[Opening Dataset records section]

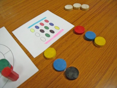 ただし、両者が4セット達成できない場合が判明した瞬間から、手元のチップ3個を任意の色チップ1つ分として変換できます。
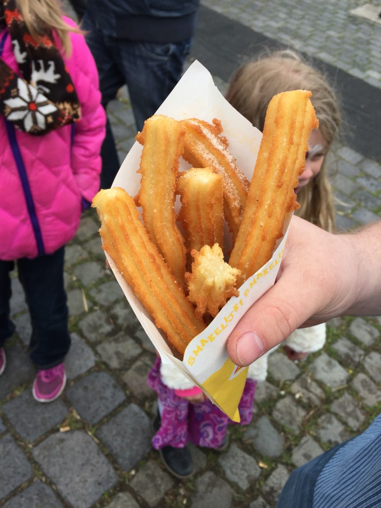 Introduced the girls to some churros…they were hot and tasty. We watched the guy make our order!
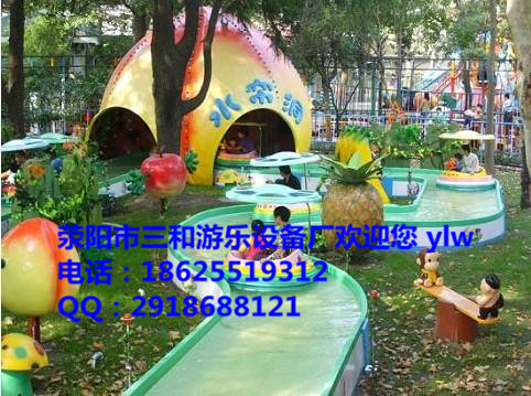 “花果山漂流”利用周邊水系組成環(huán)形水上漂流,整套設(shè)備里邊所有造型奇特的“建筑”都帶有紅外線感應(yīng),游客可邊漂游邊按電鈕玩游戲,只要打中目標(biāo)的靶心,就會(huì)出現(xiàn)相關(guān)場(chǎng)景。少年兒童劃著船穿過(guò)“水簾洞”,順著一座小橋滑下,激起一片歡樂(lè)的浪花,假若打中假山,假山會(huì)噴水;假若打中巨型香蕉下的豬八戒,豬八戒會(huì)上下跳動(dòng);假若打中孫悟空,孫悟空會(huì)騰云駕霧大鬧天空。
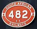 In July 1956 at 60 years of age, Class 6A Belpaire no. 482 was still in service at Port Elizabeth and at times still worked the mainline on work trains or pickup work. When she was eventually retired, she was plinthed inside the main entrance to the electric locomotive shops at Koedoespoort in Pretoria.[7]
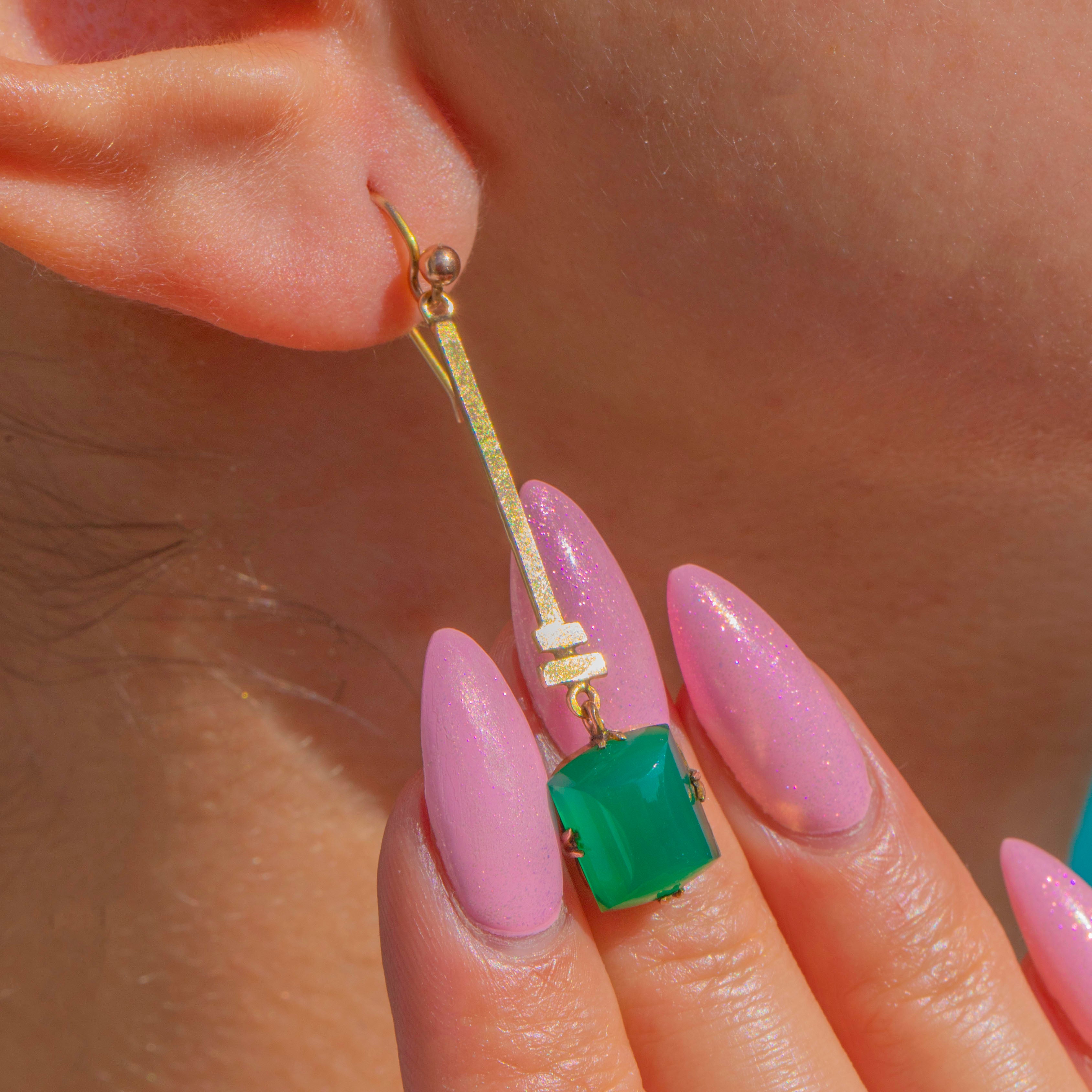 Sleek and sculptural, these Art Deco 9ct Gold drop earrings distil the era’s love of clean lines and vivid colour. A slender, textured bar leads the eye to a lush green Chalcedony drop, the saturated hue glowing beautifully against warm Gold.
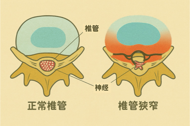 曾醫師臨床上最常跟病人及家屬解釋:脊椎裡面有一條「神經的通道」,就像水溝一樣,讓神經可以順順地傳遞訊號到手腳。但隨著年紀增長,脊椎會慢慢退化,像是骨頭長出骨刺、韌帶變厚,或椎間盤突出了,這些都會讓原本寬寬的水溝變得越來越窄。
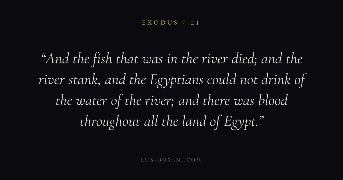 And the fish that was in the river died; and the river stank, and the Egyptians could not drink of the water of the river; and there was blood throughout all the land of Egypt.
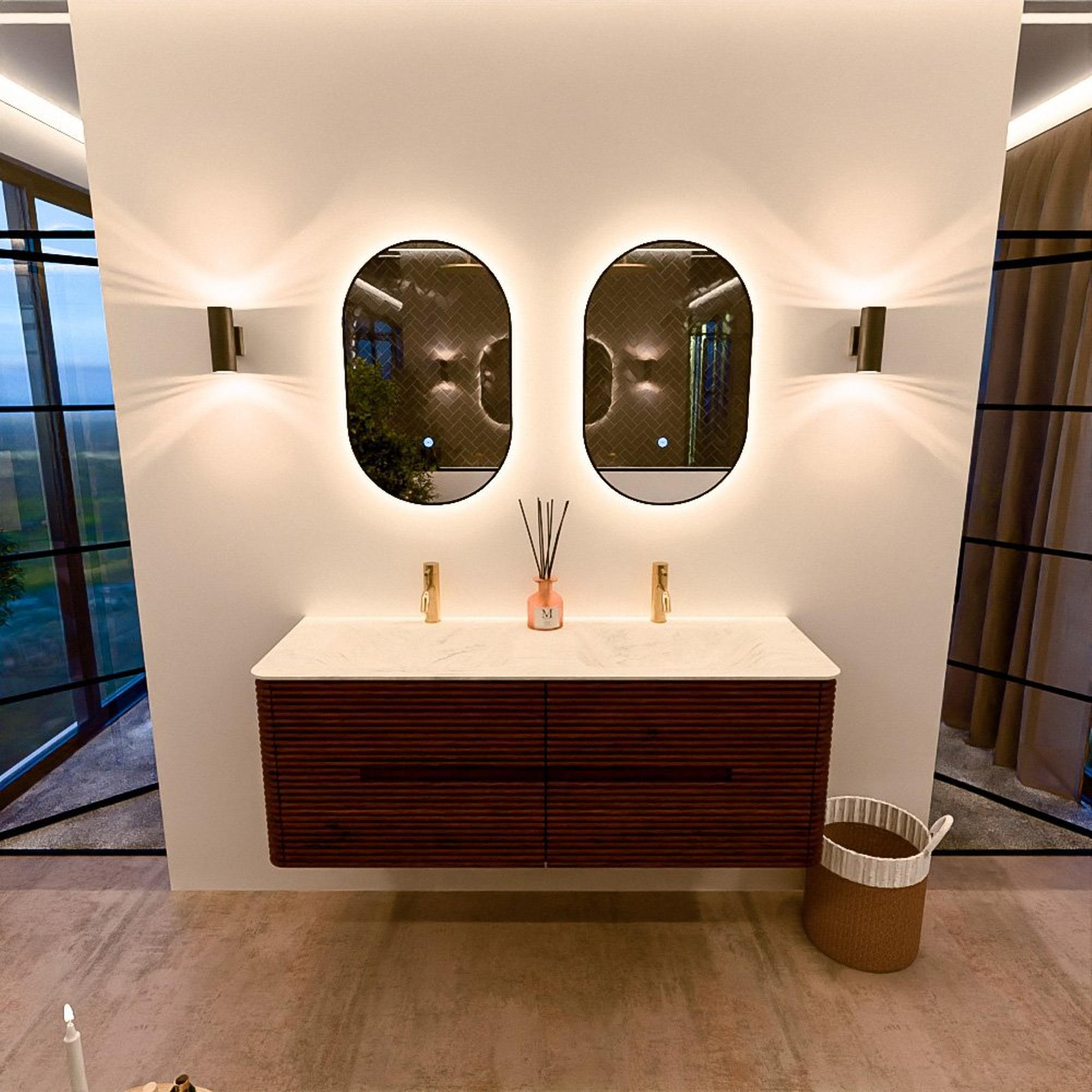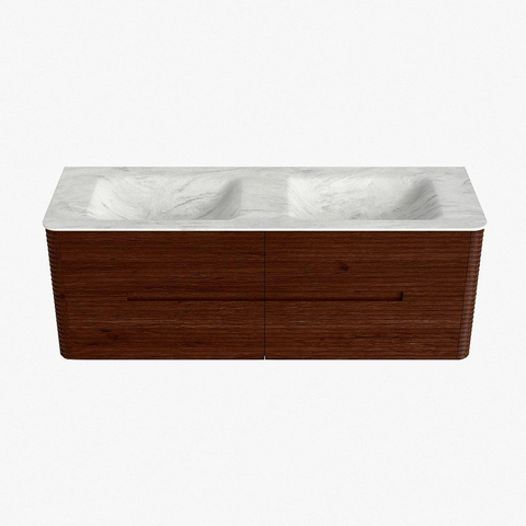 Mondiaz CIRO-DLUX Meuble de salle de bains - 140x45x50cm - Vasque solid surface Opalo - 2 vasques double - 2 trous de robinetterie - 4 tiroirs - Ruby
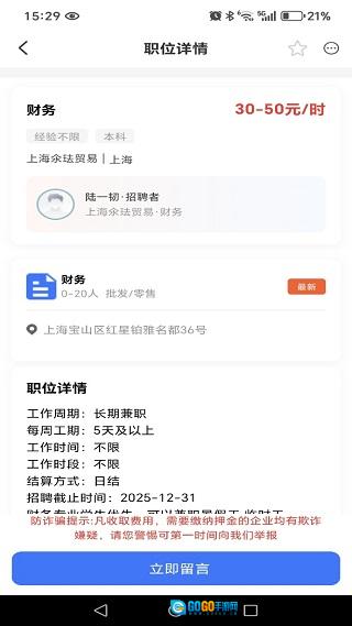 4、在线查看兼职详情,能即时咨询,还可向兼职信息发布人提交岗位申请。
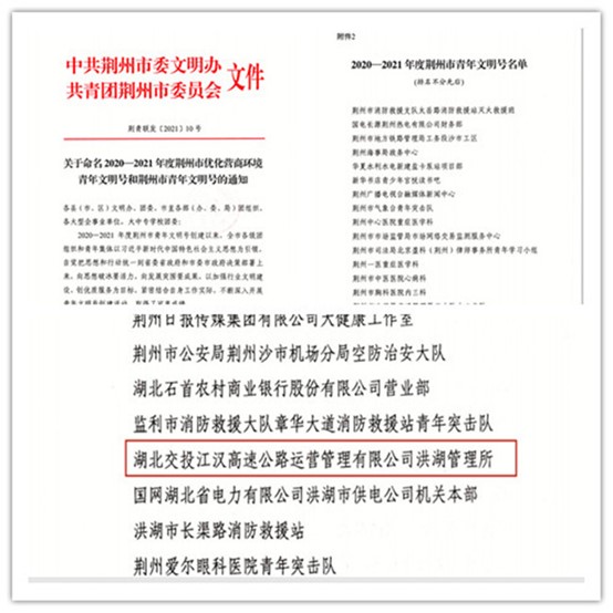 12月14日,共青團(tuán)荊州市委員會(huì)、荊州市文明辦下發(fā)《關(guān)于命名2020—2021年度荊州市優(yōu)化營(yíng)商環(huán)境青年文明號(hào)和荊州市青年文明號(hào)的通知》,湖北交投江漢高速公路運(yùn)營(yíng)管理有限公司洪湖管理所榮獲“2020—2021”年度荊州市“青年文明號(hào)”榮譽(yù)稱號(hào)。
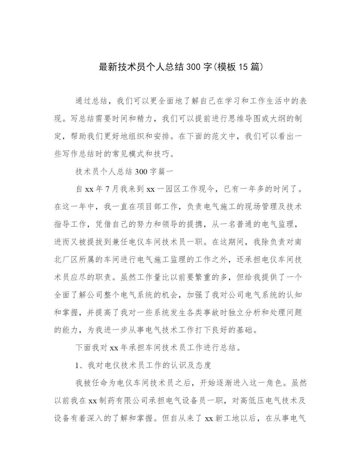 最新技术员个人总结300字(模板15篇)通过总结,我们可以更全面地了解自己在学习和工作生活中的表现。写总结需要时间和精力,我们可以提前进行思维导图或大纲的制定,帮助我们更好地组织和安排。在下面的范文中,我们可以看出一些写作总结时的常见模式和技巧。技术员个人总结300字篇一自xx年7月我来到xx一园区工作现今,已有一年多的时间了。在这一年中,我一直在项目部工作,负责电气施工的现场管理及技术指导工作,凭借自己的努力和领导的提携,从一名普通的电气监理,进而又被提拔到兼任电仪车间技术员一职。在这期间,我除负责对南
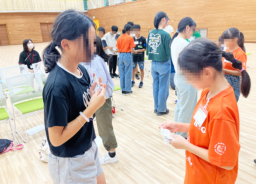 「バースデイライン」では、声を出さずに誕生日順に並ぶというルールのもと、身振り手振りを駆使しながら互いに意思を伝え合い、協力して列を完成させた。最初にレクリエーションを実施した時よりも自然と笑顔になり、互いに助け合う場面が多く見られた。
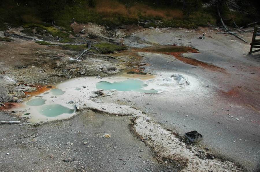 surrounding “Dog Bone Pool” is weathered and altered rhyolite and geyserite,
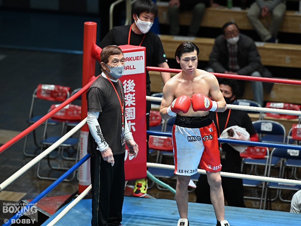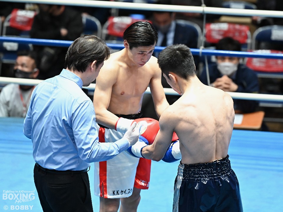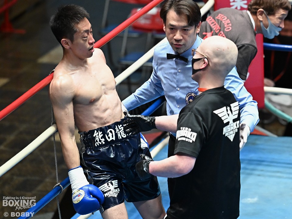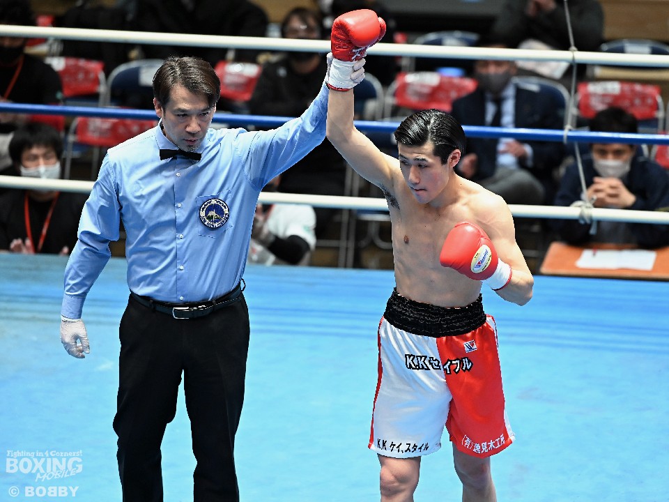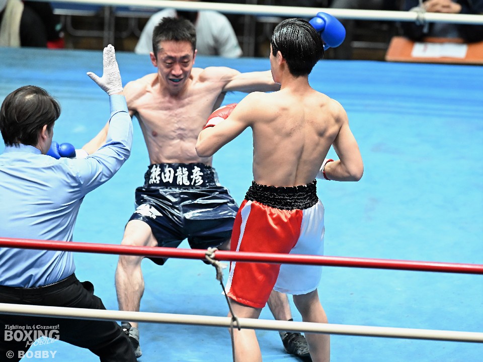 試合:サウスポー須賀が広くスタンスを取りながらワンツーを好打。するとワンツーから右をフォローしダウンを先取。立ち上がった熊田に襲いかかると左ストレートを振り抜き2度目のダウンを奪いレフェリーストップに持ち込んだ。須賀が27秒でデビュー戦を勝利した。
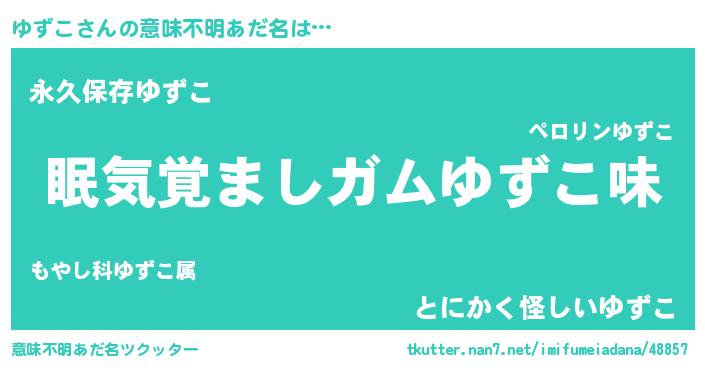 | ポケモン風あだ名 | 『ユズゴンZ』『ユックウザ』 |
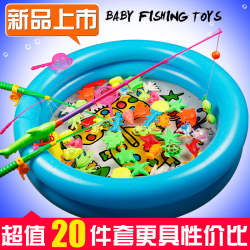 幼儿童钓鱼玩具磁性钓鱼玩具池套装宝宝钓鱼戏水玩具小猫磁性钓
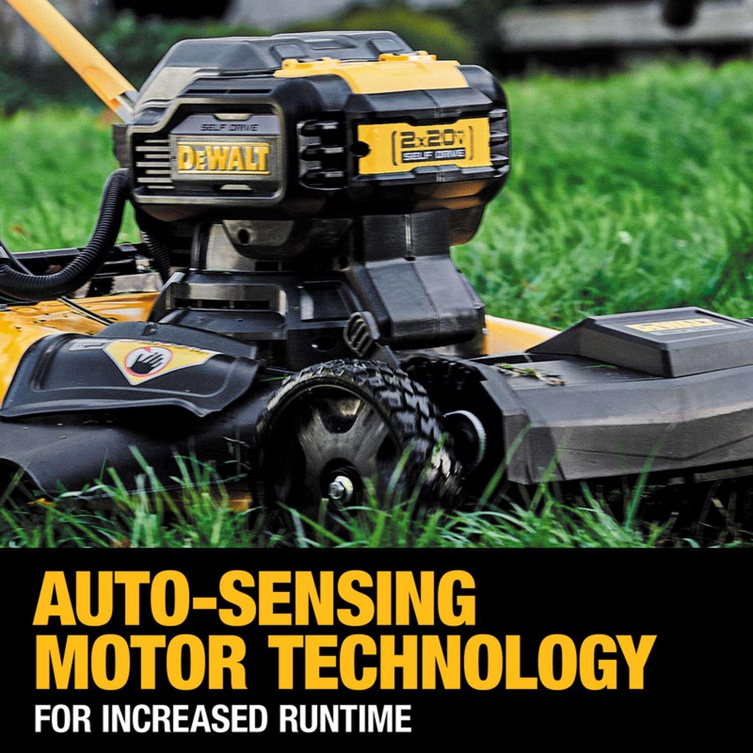 Featuring a brushless, direct drive motor that delivers up to 60 minutes of runtime in one charge, this self-propelled lawn mower has the power you need to get the job done. Innovative, auto-sensing technology achieves higher rpm so you can cut thicker grass whether you are mulching, bagging or using the side discharge. With a fold-over handle for convenient transport and integrated vertical storage, this cordless mower takes up 70% less space in your garage than it does when in operation. Count on the DeWalt FWD Self-Propelled Lawn Mower to deliver the power needed to tackle your lawn in comfort.
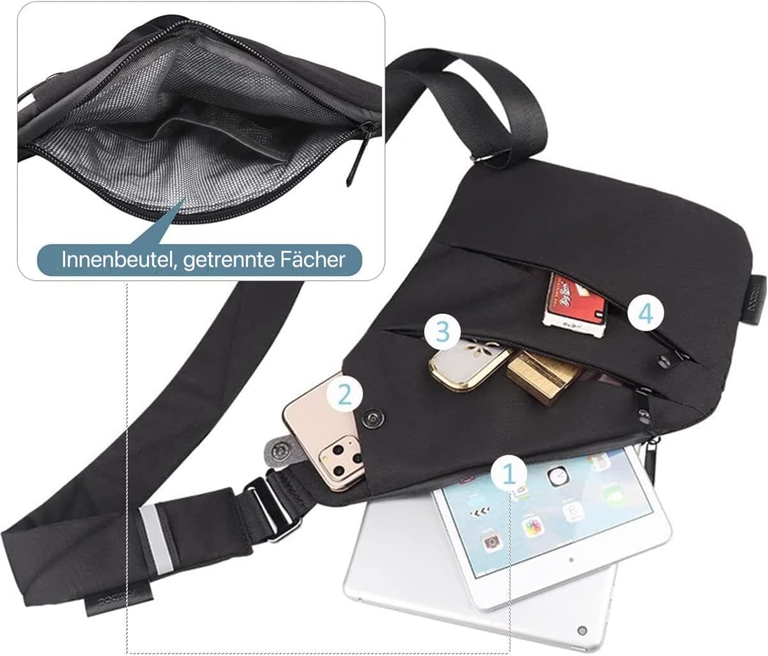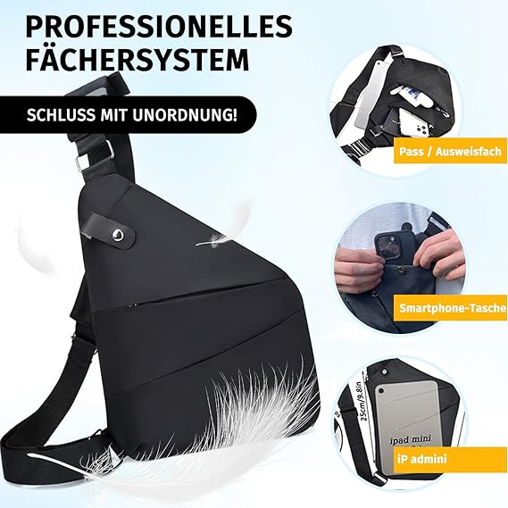 Diese durchdachte Funktion maximiert den Nutzungskomfort erheblich. Der Gurt ist zudem flexibel und leicht verstellbar, sodass Sie die Tasche perfekt an Ihre KörpergröĂe und Ihre bevorzugte Trageposition anpassen können â ob eng an der Brust fĂŒr maximale Sicherheit oder etwas lockerer auf der HĂŒfte.

[Closing Dataset records section]

## Exercise instructions
A word-for-word copy of the data above is needed, one that omits the pictures.

## Result of this exercise
 ただし、両者が4セット達成できない場合が判明した瞬間から、手元のチップ3個を任意の色チップ1つ分として変換できます。
 Introduced the girls to some churros…they were hot and tasty. We watched the guy make our order!
 “花果山漂流”利用周邊水系組成環(huán)形水上漂流,整套設(shè)備里邊所有造型奇特的“建筑”都帶有紅外線感應(yīng),游客可邊漂游邊按電鈕玩游戲,只要打中目標(biāo)的靶心,就會(huì)出現(xiàn)相關(guān)場(chǎng)景。少年兒童劃著船穿過(guò)“水簾洞”,順著一座小橋滑下,激起一片歡樂(lè)的浪花,假若打中假山,假山會(huì)噴水;假若打中巨型香蕉下的豬八戒,豬八戒會(huì)上下跳動(dòng);假若打中孫悟空,孫悟空會(huì)騰云駕霧大鬧天空。
 In July 1956 at 60 years of age, Class 6A Belpaire no. 482 was still in service at Port Elizabeth and at times still worked the mainline on work trains or pickup work. When she was eventually retired, she was plinthed inside the main entrance to the electric locomotive shops at Koedoespoort in Pretoria.[7]
 Sleek and sculptural, these Art Deco 9ct Gold drop earrings distil the era’s love of clean lines and vivid colour. A slender, textured bar leads the eye to a lush green Chalcedony drop, the saturated hue glowing beautifully against warm Gold.
 曾醫師臨床上最常跟病人及家屬解釋:脊椎裡面有一條「神經的通道」,就像水溝一樣,讓神經可以順順地傳遞訊號到手腳。但隨著年紀增長,脊椎會慢慢退化,像是骨頭長出骨刺、韌帶變厚,或椎間盤突出了,這些都會讓原本寬寬的水溝變得越來越窄。
 And the fish that was in the river died; and the river stank, and the Egyptians could not drink of the water of the river; and there was blood throughout all the land of Egypt.
 Mondiaz CIRO-DLUX Meuble de salle de bains - 140x45x50cm - Vasque solid surface Opalo - 2 vasques double - 2 trous de robinetterie - 4 tiroirs - Ruby
 4、在线查看兼职详情,能即时咨询,还可向兼职信息发布人提交岗位申请。
 12月14日,共青團(tuán)荊州市委員會(huì)、荊州市文明辦下發(fā)《關(guān)于命名2020—2021年度荊州市優(yōu)化營(yíng)商環(huán)境青年文明號(hào)和荊州市青年文明號(hào)的通知》,湖北交投江漢高速公路運(yùn)營(yíng)管理有限公司洪湖管理所榮獲“2020—2021”年度荊州市“青年文明號(hào)”榮譽(yù)稱號(hào)。
 最新技术员个人总结300字(模板15篇)通过总结,我们可以更全面地了解自己在学习和工作生活中的表现。写总结需要时间和精力,我们可以提前进行思维导图或大纲的制定,帮助我们更好地组织和安排。在下面的范文中,我们可以看出一些写作总结时的常见模式和技巧。技术员个人总结300字篇一自xx年7月我来到xx一园区工作现今,已有一年多的时间了。在这一年中,我一直在项目部工作,负责电气施工的现场管理及技术指导工作,凭借自己的努力和领导的提携,从一名普通的电气监理,进而又被提拔到兼任电仪车间技术员一职。在这期间,我除负责对南
 「バースデイライン」では、声を出さずに誕生日順に並ぶというルールのもと、身振り手振りを駆使しながら互いに意思を伝え合い、協力して列を完成させた。最初にレクリエーションを実施した時よりも自然と笑顔になり、互いに助け合う場面が多く見られた。
 surrounding “Dog Bone Pool” is weathered and altered rhyolite and geyserite,
 試合:サウスポー須賀が広くスタンスを取りながらワンツーを好打。するとワンツーから右をフォローしダウンを先取。立ち上がった熊田に襲いかかると左ストレートを振り抜き2度目のダウンを奪いレフェリーストップに持ち込んだ。須賀が27秒でデビュー戦を勝利した。
 | ポケモン風あだ名 | 『ユズゴンZ』『ユックウザ』 |
 幼儿童钓鱼玩具磁性钓鱼玩具池套装宝宝钓鱼戏水玩具小猫磁性钓
 Featuring a brushless, direct drive motor that delivers up to 60 minutes of runtime in one charge, this self-propelled lawn mower has the power you need to get the job done. Innovative, auto-sensing technology achieves higher rpm so you can cut thicker grass whether you are mulching, bagging or using the side discharge. With a fold-over handle for convenient transport and integrated vertical storage, this cordless mower takes up 70% less space in your garage than it does when in operation. Count on the DeWalt FWD Self-Propelled Lawn Mower to deliver the power needed to tackle your lawn in comfort.
 Diese durchdachte Funktion maximiert den Nutzungskomfort erheblich. Der Gurt ist zudem flexibel und leicht verstellbar, sodass Sie die Tasche perfekt an Ihre KörpergröĂe und Ihre bevorzugte Trageposition anpassen können â ob eng an der Brust fĂŒr maximale Sicherheit oder etwas lockerer auf der HĂŒfte.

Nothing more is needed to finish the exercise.